SOURCE MATERIAL:
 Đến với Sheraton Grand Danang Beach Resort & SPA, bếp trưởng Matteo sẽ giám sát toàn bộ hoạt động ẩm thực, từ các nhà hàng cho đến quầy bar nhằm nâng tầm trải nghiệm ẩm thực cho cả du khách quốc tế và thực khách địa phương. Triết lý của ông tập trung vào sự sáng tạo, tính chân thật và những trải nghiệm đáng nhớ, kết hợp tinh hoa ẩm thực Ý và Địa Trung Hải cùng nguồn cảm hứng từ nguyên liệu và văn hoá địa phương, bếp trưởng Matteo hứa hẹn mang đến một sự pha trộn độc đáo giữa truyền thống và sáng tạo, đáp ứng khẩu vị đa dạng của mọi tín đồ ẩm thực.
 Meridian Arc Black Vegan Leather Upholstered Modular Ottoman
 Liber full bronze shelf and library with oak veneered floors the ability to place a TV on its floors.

==

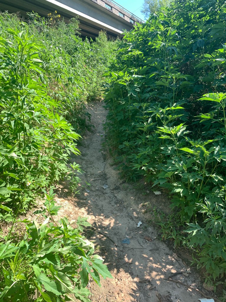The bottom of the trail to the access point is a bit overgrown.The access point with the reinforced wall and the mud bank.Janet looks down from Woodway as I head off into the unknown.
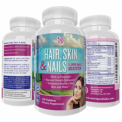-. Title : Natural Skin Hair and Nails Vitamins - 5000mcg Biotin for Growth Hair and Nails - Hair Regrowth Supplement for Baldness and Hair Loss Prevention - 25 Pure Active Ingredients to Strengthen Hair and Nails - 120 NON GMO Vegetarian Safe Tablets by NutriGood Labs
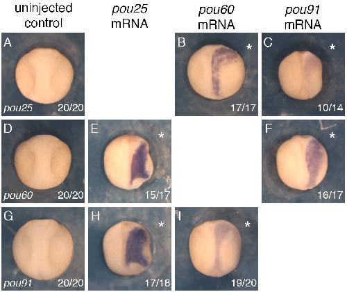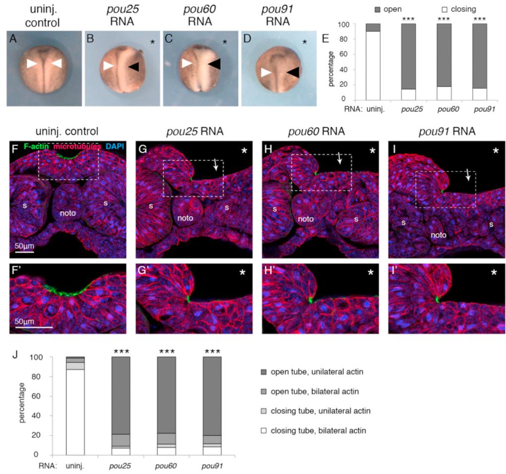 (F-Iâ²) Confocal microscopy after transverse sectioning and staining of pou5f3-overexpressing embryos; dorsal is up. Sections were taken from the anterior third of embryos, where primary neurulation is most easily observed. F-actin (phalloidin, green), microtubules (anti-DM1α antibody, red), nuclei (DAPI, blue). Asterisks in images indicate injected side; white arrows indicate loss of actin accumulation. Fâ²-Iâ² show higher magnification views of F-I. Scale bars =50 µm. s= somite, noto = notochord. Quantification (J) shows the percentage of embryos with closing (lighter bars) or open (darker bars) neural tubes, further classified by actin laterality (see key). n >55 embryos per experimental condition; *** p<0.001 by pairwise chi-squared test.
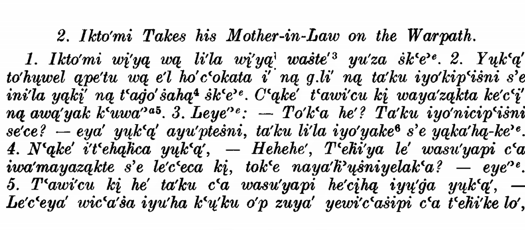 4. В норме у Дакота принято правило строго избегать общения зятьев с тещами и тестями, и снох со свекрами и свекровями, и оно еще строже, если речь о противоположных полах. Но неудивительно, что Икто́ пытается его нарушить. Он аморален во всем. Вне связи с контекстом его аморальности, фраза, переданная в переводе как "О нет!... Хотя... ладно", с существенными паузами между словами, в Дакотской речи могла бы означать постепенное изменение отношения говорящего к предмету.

---

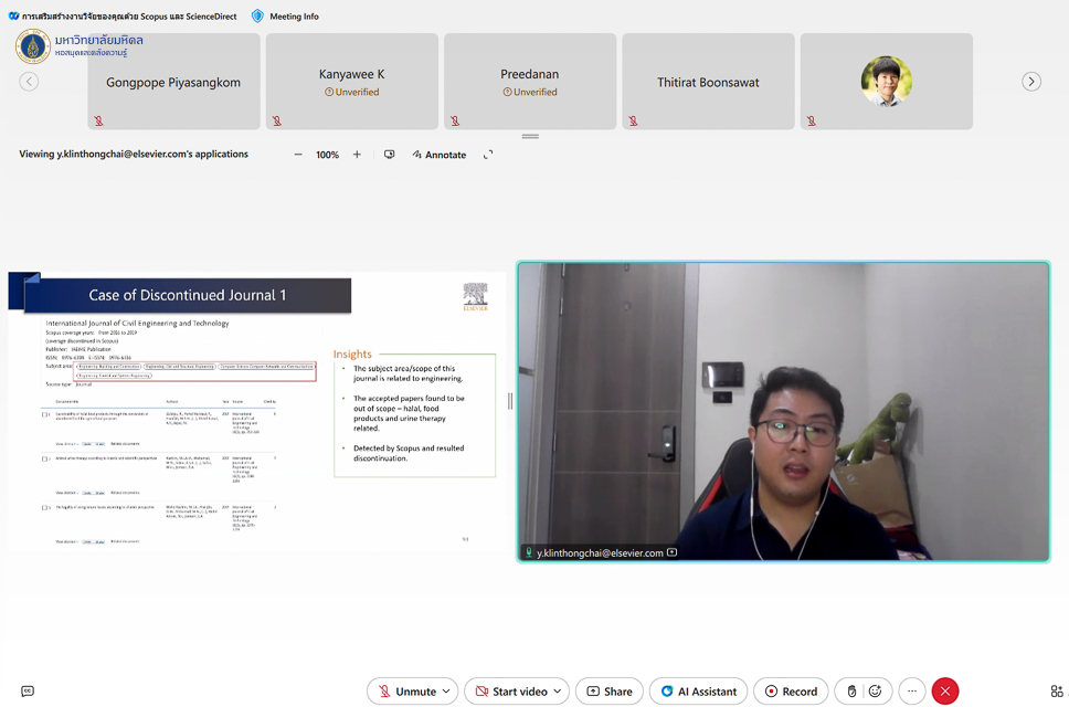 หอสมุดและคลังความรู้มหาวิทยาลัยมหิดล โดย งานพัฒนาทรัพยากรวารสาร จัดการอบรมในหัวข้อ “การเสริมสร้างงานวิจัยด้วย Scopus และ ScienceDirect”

WORK ITEM:
In your answer, include only the lines above starting at the line that holds "Đến với Sheraton" and ending at the line that holds "Liber full bronze", copied exactly.

SOLUTION TO THIS EXERCISE:
 Đến với Sheraton Grand Danang Beach Resort & SPA, bếp trưởng Matteo sẽ giám sát toàn bộ hoạt động ẩm thực, từ các nhà hàng cho đến quầy bar nhằm nâng tầm trải nghiệm ẩm thực cho cả du khách quốc tế và thực khách địa phương. Triết lý của ông tập trung vào sự sáng tạo, tính chân thật và những trải nghiệm đáng nhớ, kết hợp tinh hoa ẩm thực Ý và Địa Trung Hải cùng nguồn cảm hứng từ nguyên liệu và văn hoá địa phương, bếp trưởng Matteo hứa hẹn mang đến một sự pha trộn độc đáo giữa truyền thống và sáng tạo, đáp ứng khẩu vị đa dạng của mọi tín đồ ẩm thực.
 Meridian Arc Black Vegan Leather Upholstered Modular Ottoman
 Liber full bronze shelf and library with oak veneered floors the ability to place a TV on its floors.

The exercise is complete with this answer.